Essas taxas de erro são críticas. Essa tecnologia é usada hoje pelos governos para detectar tendências criminais. E sabemos bem que isso pode ser usado para gerar um relatório de probabilidades de reincidência ou influenciar as sentenças das pessoas.

Exemplos como esses explicam o papel do uso da Inteligência Artificial na criação de sistemas automatizados. O fato de tais sistemas serem treinados com um conjunto de dados gerados por pessoas e sua experiência implica que os sistemas aprenderão e manterão a subjetividade que pode vir com eles. O que significa que os preconceitos existentes no mundo offline são transferidos para o online. Nesse sentido, é necessário promover estratégias que garantam que a adoção de novas tecnologias em grande escala pare a criação de mais desigualdades de gênero, raça, entre muitas outras.
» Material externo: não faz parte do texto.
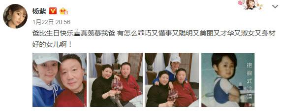 1月22日晚,杨紫在微博更新了一则动态。“爸比生日快乐,真羡慕我爸 有怎么乖巧又懂事又聪明又美丽又才华又淑女又身材好的女儿啊!”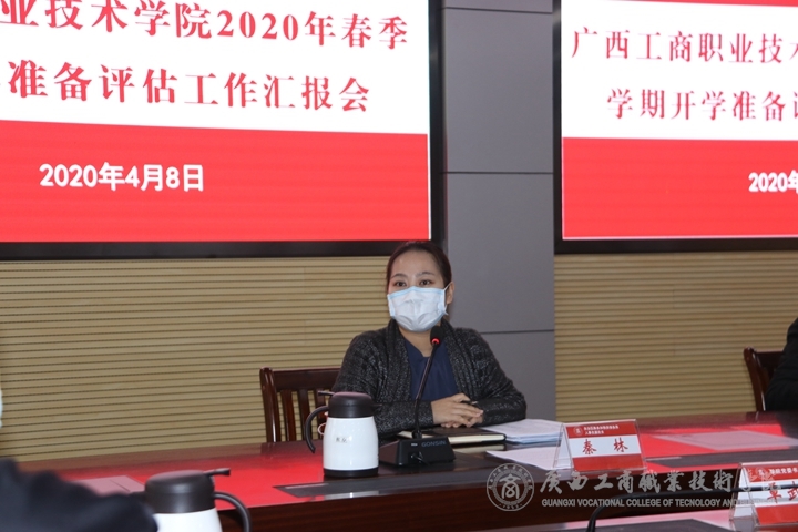 2020年4月8日上午,學(xué)院召開(kāi)2020年春季學(xué)期開(kāi)學(xué)準(zhǔn)備評(píng)估工作匯報(bào)會(huì)和反饋會(huì),自治區(qū)直屬高校開(kāi)學(xué)評(píng)估工作第十五組組長(zhǎng)、自治區(qū)糧食和物資儲(chǔ)備局人事處副處長(zhǎng)秦林,評(píng)估組成員、廣西質(zhì)量技術(shù)工程學(xué)校副校長(zhǎng)陳正剛和環(huán)境衛(wèi)生與地方病防制所主任醫(yī)師黃林蒞臨我院開(kāi)展開(kāi)學(xué)準(zhǔn)備評(píng)估工作。我院全體學(xué)院領(lǐng)導(dǎo)和開(kāi)學(xué)工作組負(fù)責(zé)人、部分成員參加了會(huì)議。

Essa realidade assusta e se torna um cenário crítico quando pensamos que essa será e está sendo a tecnologia promovida pelos Estados e que influenciará diretamente as liberdades e os direitos civis do povo. Provavelmente, determinará bolsas de estudo, subsídios de moradia, permissões de migração e terá um papel fundamental na segurança do cidadão.

Na Cidadania Inteligente, trabalhamos constantemente para encontrar maneiras pelas quais os atuais vieses da sociedade não se replicam nesses sistemas e que possam ser usados ​​inclusive para revertê-los. Em aliança com Women at the table (W@tt), uma organização da sociedade civil que promove a igualdade de gênero, nós nos esforçamos para tornar visíveis os preconceitos existentes, chamando a atenção de diferentes atores para defender a transparência e comandar ações afirmativas nos algoritmos. Aderimos à declaração de W@tt que promete:

  • Defender e adotar diretrizes que estabeleçam transparência na tomada de decisões algorítmicas.

  • Incluir uma variedade interseccional e número igual de mulheres no código de criação, design e tomada de decisão com base em algoritmos.

  • A existência de cooperação internacional e uma abordagem baseada em direitos humanos no desenvolvimento desses sistemas.

Estamos em um ponto de inflexão na história. O número de sistemas automatizados de tomada de decisões é sem precedentes e esses estão sendo implementados em alta velocidade. Podemos deixar a tecnologia continuar colocando barreiras para as mulheres e grupos sub-representados, ou podemos usá-la a nosso favor. Na Cidadania Inteligente, continuaremos trabalhando para desenvolver ações afirmativas, a fim de corrigir os vieses que impedem a plena participação das pessoas nas diferentes esferas da sociedade.